PC, PS4 (reviewed), Xbox One - EA - £49.99

A once green planet is burning in the black of space, its atmosphere corroding further with every cycle of the sun. The occupants are troubled, worried for their futures as nations divide. Some are ruled over by a furious orange-skinned despot, others by an imperious ice queen. An imbalance has developed that could tear apart alliances that are already unstable.

Oh, and on this planet, there’s a new Mass Effect game being launched.

Casting aside the charismatic Commander Shepard after concluding his story in controversial fashion at the close of Mass Effect 3, Andromeda brings a new hero to the fore. Pathfinder Ryder is in charge of exploring beyond the Milky Way, trying to locate a hospitable world for humans and other allied species to colonise. Waking after six hundred years in cryogenic storage, Ryder has a twin who remains in stasis, providing an emotional undercurrent that develops as the narrative unfolds.

As ever, players must choose a pair of companions to accompany them on each mission, and most of the usual races are here – the cheerfully homicidal Krogan, the cerebral blue Asari and the inscrutable Turians all return along with a few new species, both friend and foe. 


The immediate threat from the previously unseen Kett is palpable, a nasty bunch of aggressive bone-carapaced zealots shown to experiment on prisoners of war. Meanwhile, the mysterious Remnant and their ancient monoliths hold the key to habitable life on a series of planets that were once deemed ‘Golden Worlds’. It is these habitats that the Pathfinder must locate and restore to their former glories so they can be successfully colonised.

The explorable planets range wildly in design, BioWare showing their aptitude in creating believably strange locales, from the barren deserts of Eos to the Hoth-like ice and snow of Voeld. I particularly liked the bioluminescent mushrooms, gravity wells and electrical circuitry of Havarl, home world of the Angarans, where huge creatures swim through the firmament above your adventure.

Perhaps taking inspiration from the way that The Force Awakens remixed familiar elements in order to restart the Star Wars universe for a fresh audience, Andromeda harkens back to previous games by introducing the Mako-like Nomad, bringing vehicular planetary exploration back to the series. The Nomad is able to scan the surface of any planet for resources, with deposits of nickel, copper and the familiarly valuable Element Zero.

Resource management is once again paramount to mounting an effective campaign, with weaponry and armour to craft alongside optional upgrades to the Nomad. Planet scanning is slimmed down from previous incarnations - personally, I almost miss the meditative aspects of mining from ME2 and even found myself craving the mini-Reaper attacks that kept players on their toes in the third game. 

Since the first ten hours of the game were released on EA early access last week, a lot has been made of the inconsistencies in the game’s presentation. There’s no doubt the lipsync can seem a little off at times, but I’m not sure Andromeda has deserved all the hysterical negativity surrounding it. There were minor incidences of enemies or teammates not quite behaving as they should, but in my play-through, it was nothing like the (space)shipwreck that some have suggested. 

The character creator is perfectly capable, although I admit somehow I unwittingly modelled my Ryder on swarthy Chelsea centre-forward Diego Costa. There’s perhaps a nagging feeling that the Frostbite engine that brought us Battlefield 1 could be working slightly harder to smooth over the rough edges in the visuals, but there are still picturesque moments as you holster your gun to stare into unfamiliar skies over alien landscapes.
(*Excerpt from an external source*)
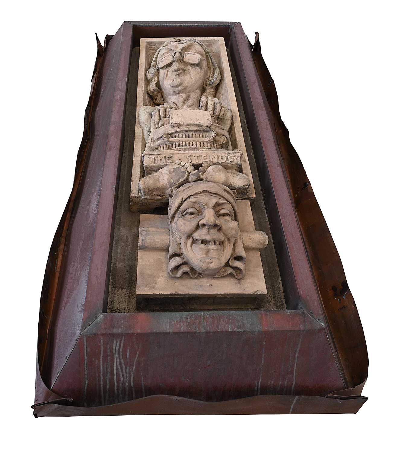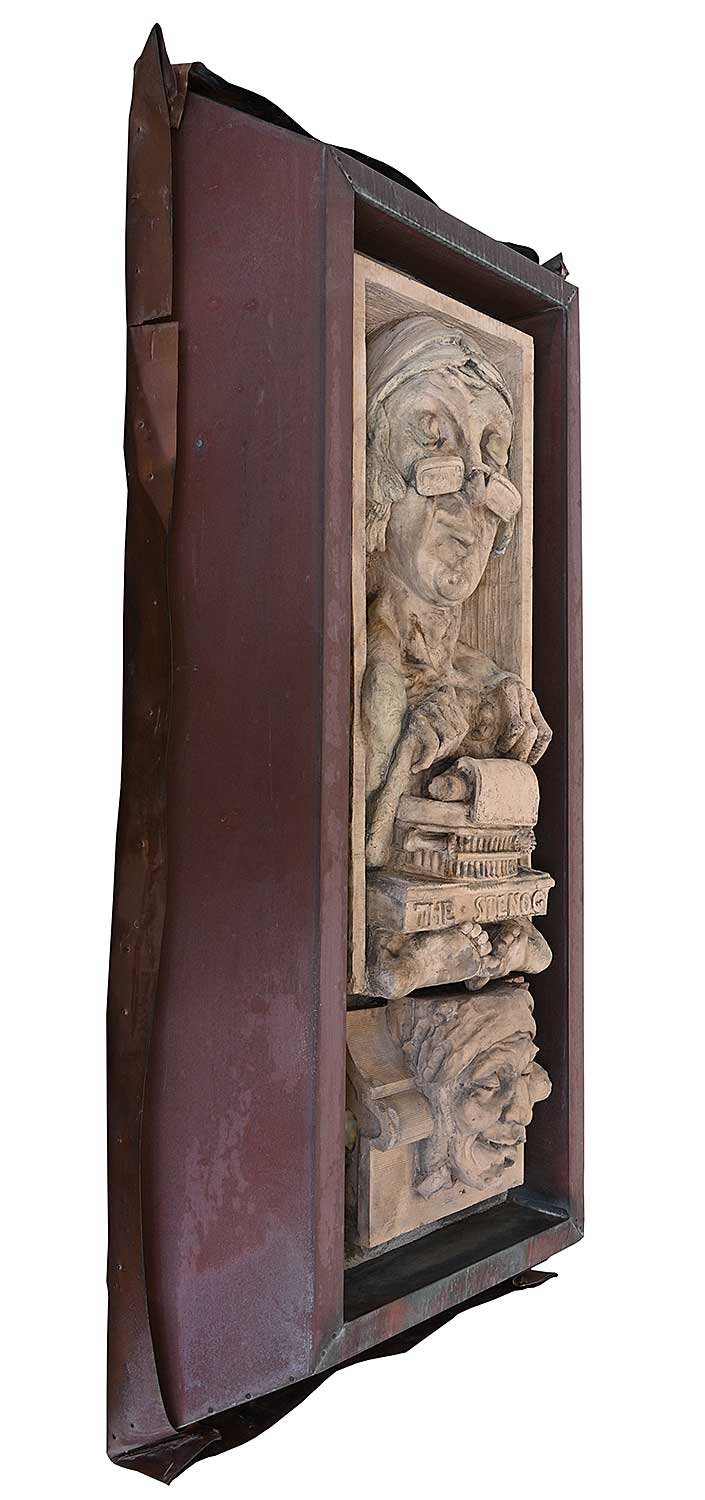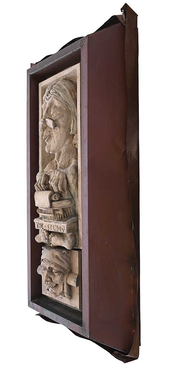unsigned; titled along bottom; set into concrete which has been attached to a steel backing and copper flashing; flashing measures [70 x 34 x 14 in.]; surface dirt and wear consistent with age of outdoor architectural element.
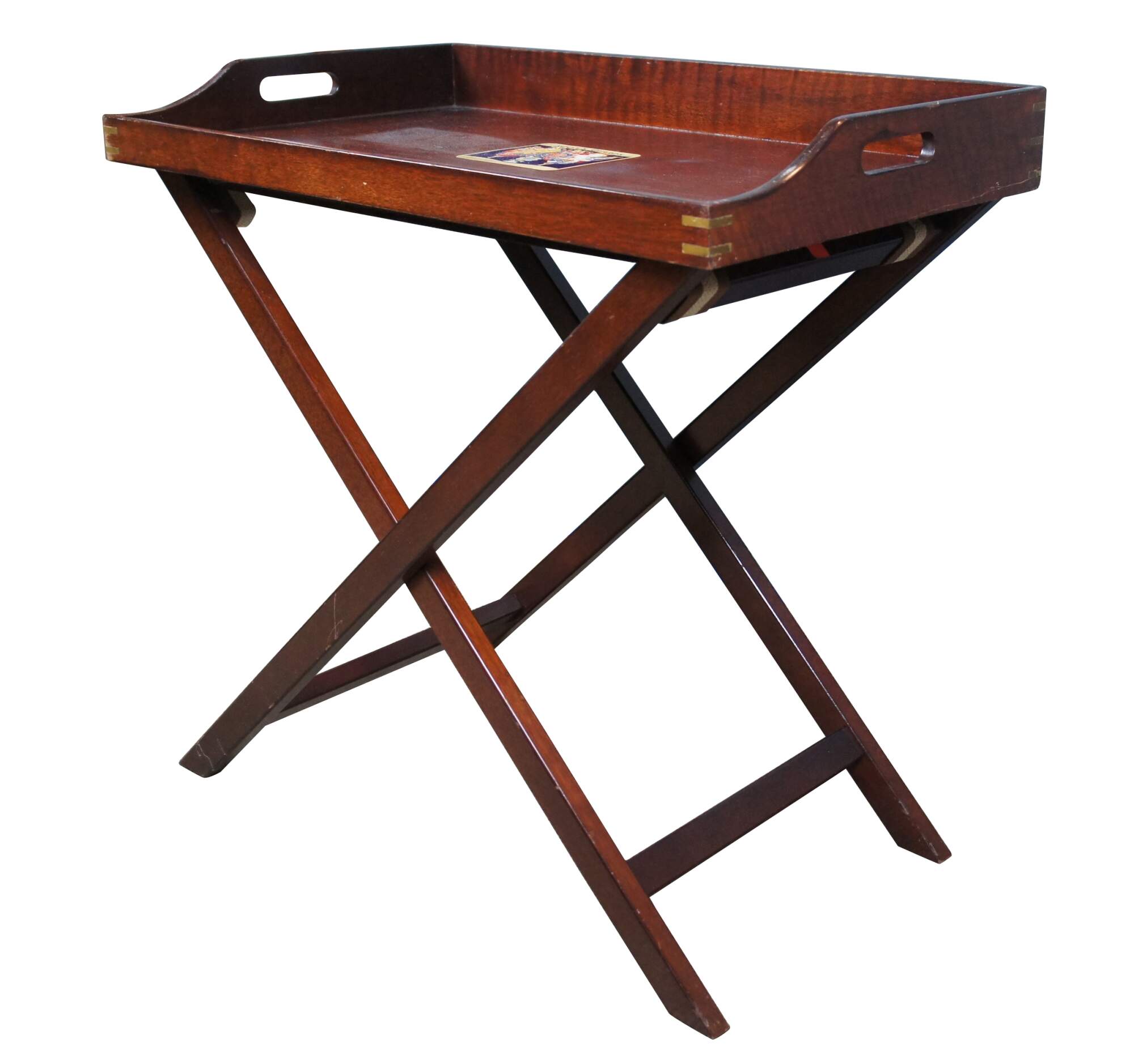 Vintage Scots Guard folding tray table. Made of mahogany featuring inlaid brass dovetail joinery with a central heraldic plaque or crest for the United Kingdom.

Andromeda truly shines in battle, where the combat is meaty and enjoyable, the series’ much-loved biotic powers returning and better than ever. With a carefully chosen set of abilities and squad members, there are many different avenues of attack to explore, from stealth to melee with a number of variations inbetween. There is even the option to load up other combat profiles mid-game, perfect for the commitment-phobe who doesn’t want to keep one style for the whole campaign.

Aside from the firefights, the soap opera side to Mass Effect is also as effective as ever. Despite adjustments, the dialogue wheel won’t please everyone, but it still provides a decent amount of choice and variance, and the chance to romance your chosen squadmate (whatever bizarre anatomy they may possess). The storyline may not quite reach the heights of the original trilogy, but it is still an engaging yarn, concerned as ever with the themes of science against religion and nature.
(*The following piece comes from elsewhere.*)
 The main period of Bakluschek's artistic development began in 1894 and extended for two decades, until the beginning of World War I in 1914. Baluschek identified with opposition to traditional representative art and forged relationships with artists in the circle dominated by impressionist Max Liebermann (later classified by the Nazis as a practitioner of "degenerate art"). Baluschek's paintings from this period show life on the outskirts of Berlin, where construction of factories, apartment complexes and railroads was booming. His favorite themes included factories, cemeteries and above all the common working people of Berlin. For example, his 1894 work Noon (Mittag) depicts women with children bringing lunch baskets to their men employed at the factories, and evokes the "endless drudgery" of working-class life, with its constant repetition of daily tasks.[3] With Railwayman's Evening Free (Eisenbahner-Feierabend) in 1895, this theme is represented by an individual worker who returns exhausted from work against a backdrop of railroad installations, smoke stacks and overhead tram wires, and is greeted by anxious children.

All of this interaction takes place in a convincing universe, with dozens of available missions, ranging from galactic to domestic in scale. Taking on more open world features has both expanded the reach of the universe, making it feel more natural, but also slightly impinged on the travel to action ratio, which can stray close to frustrating at times.
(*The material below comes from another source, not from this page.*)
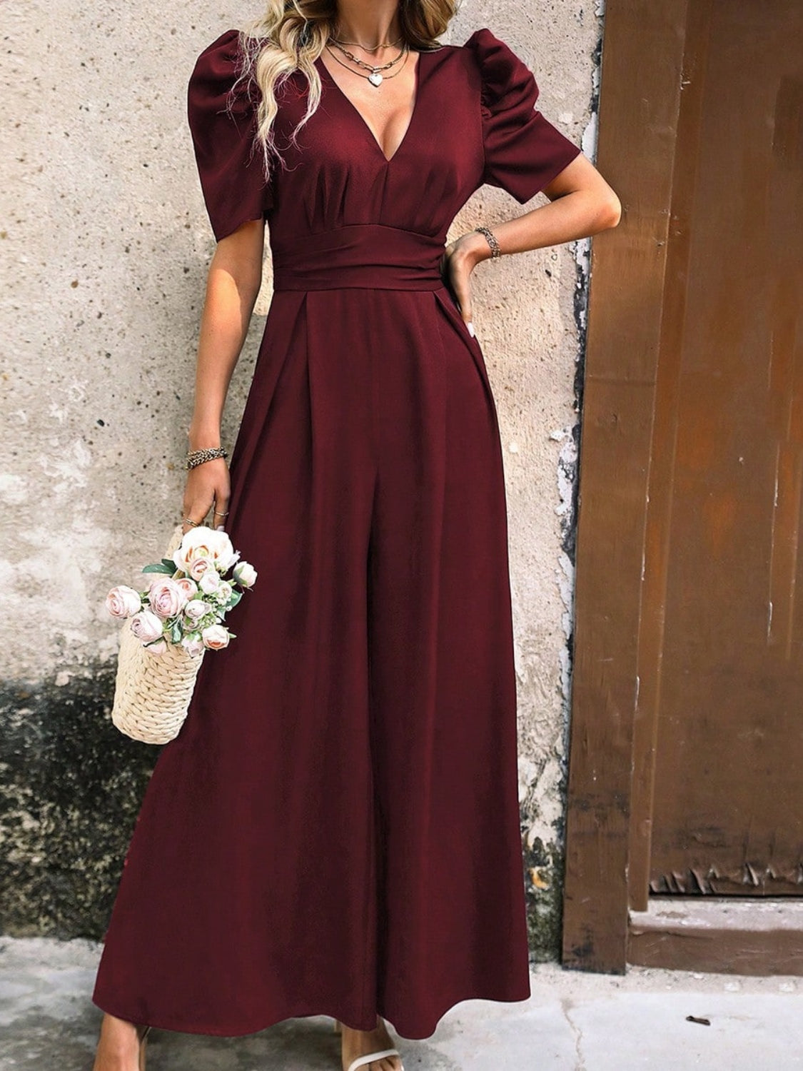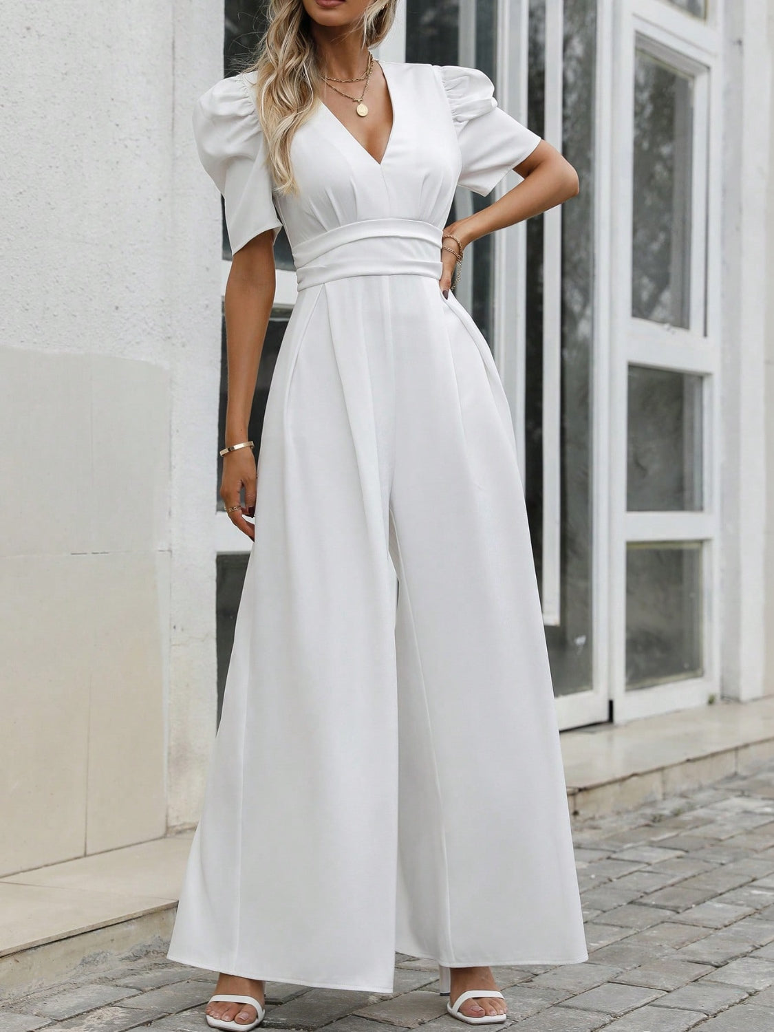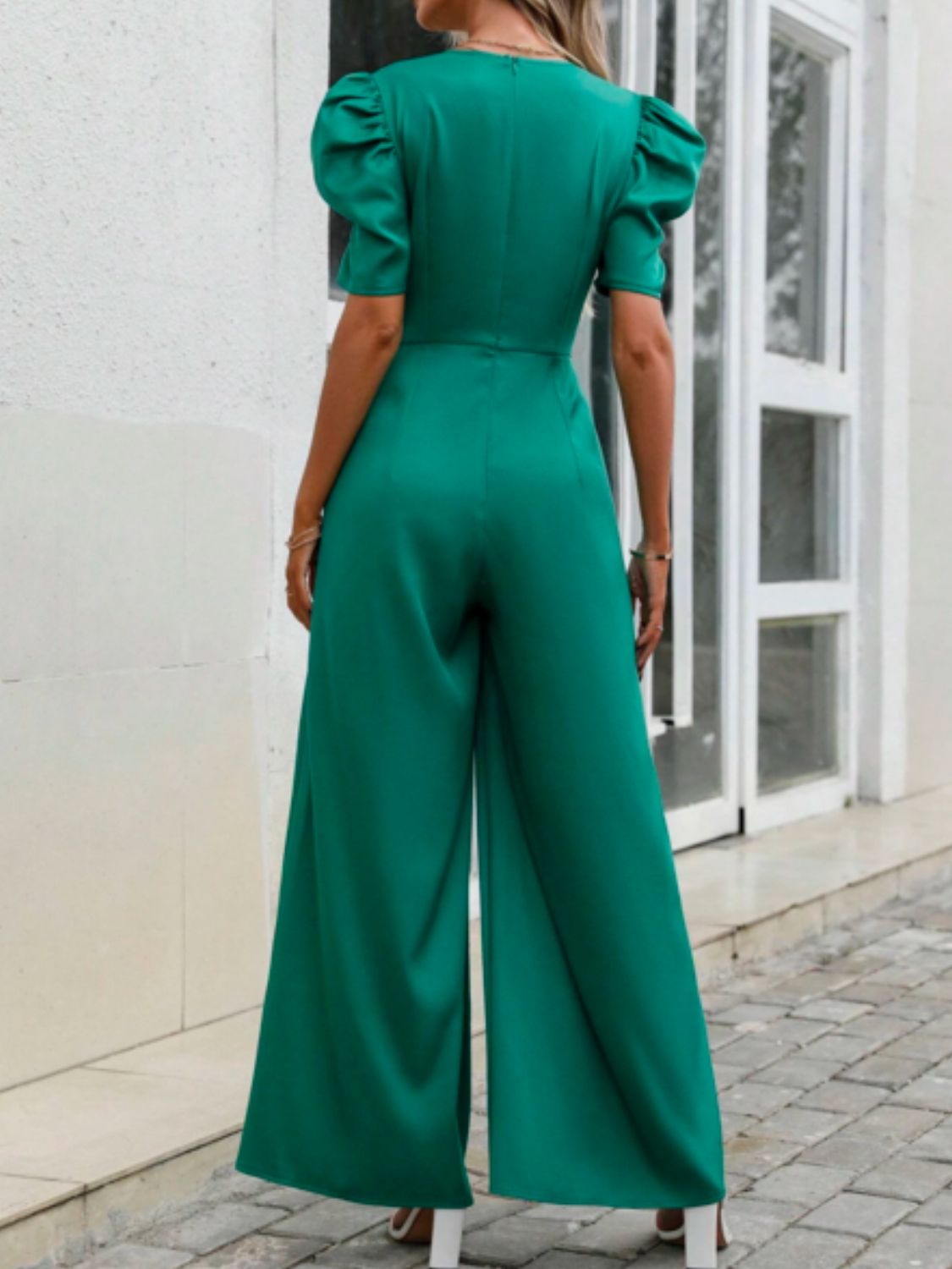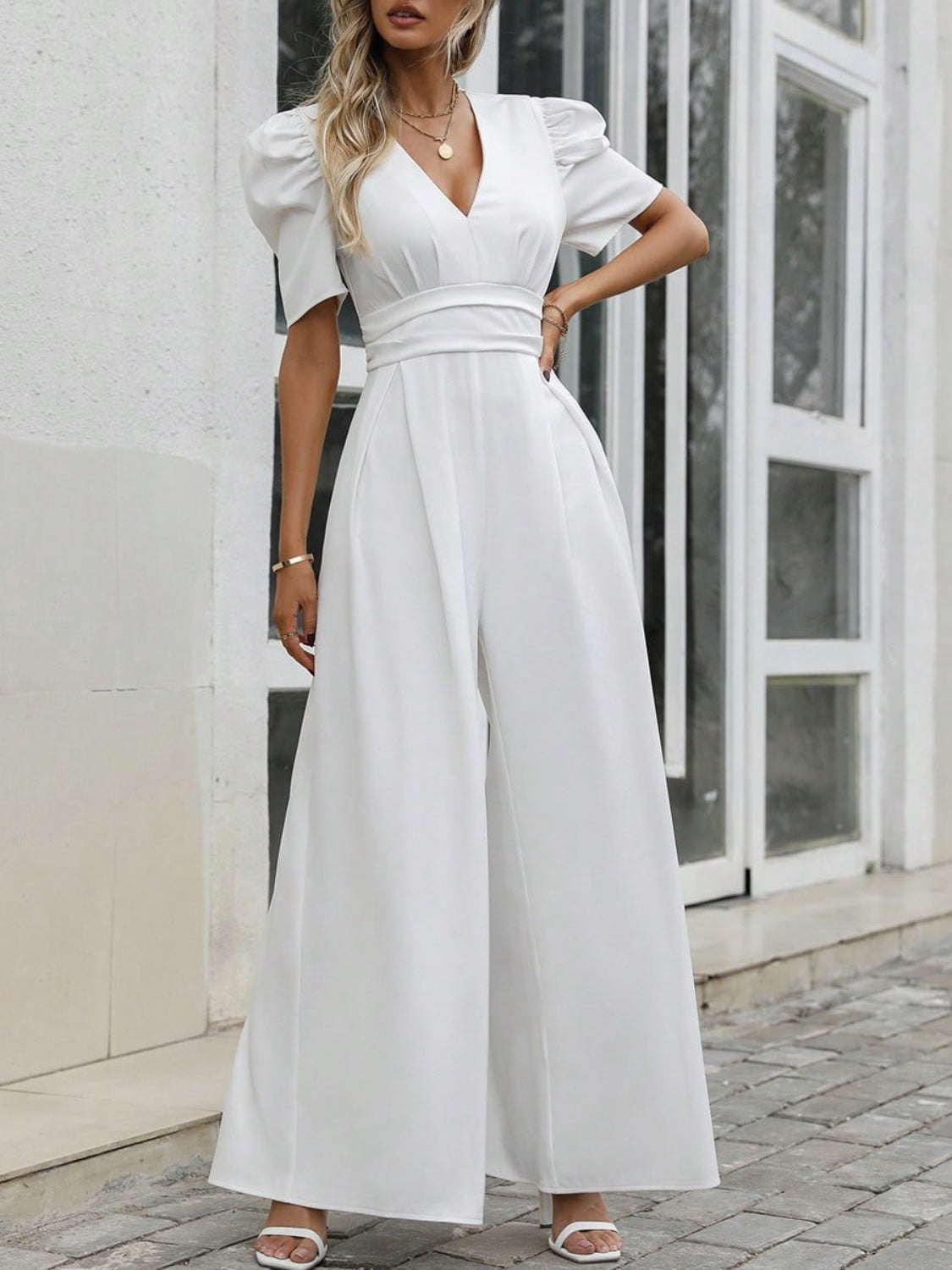 V-Neck Short Sleeve Wide Leg Jumpsuit

While there are undoubtedly some major concerns surrounding Andromeda’s genesis, I felt it was still an enjoyable game with an almost fearsome amount of content, especially factoring in the excellent multiplayer that will hopefully prove the equal of its predecessor. Sent out like a probe into a fiercely contested market, this new incarnation of Mass Effect might ultimately fall short of the better titles already released this year. But for those already smitten by the Salarians or cuckoo about Krogans, there isn’t anything else that will satisfy like Andromeda.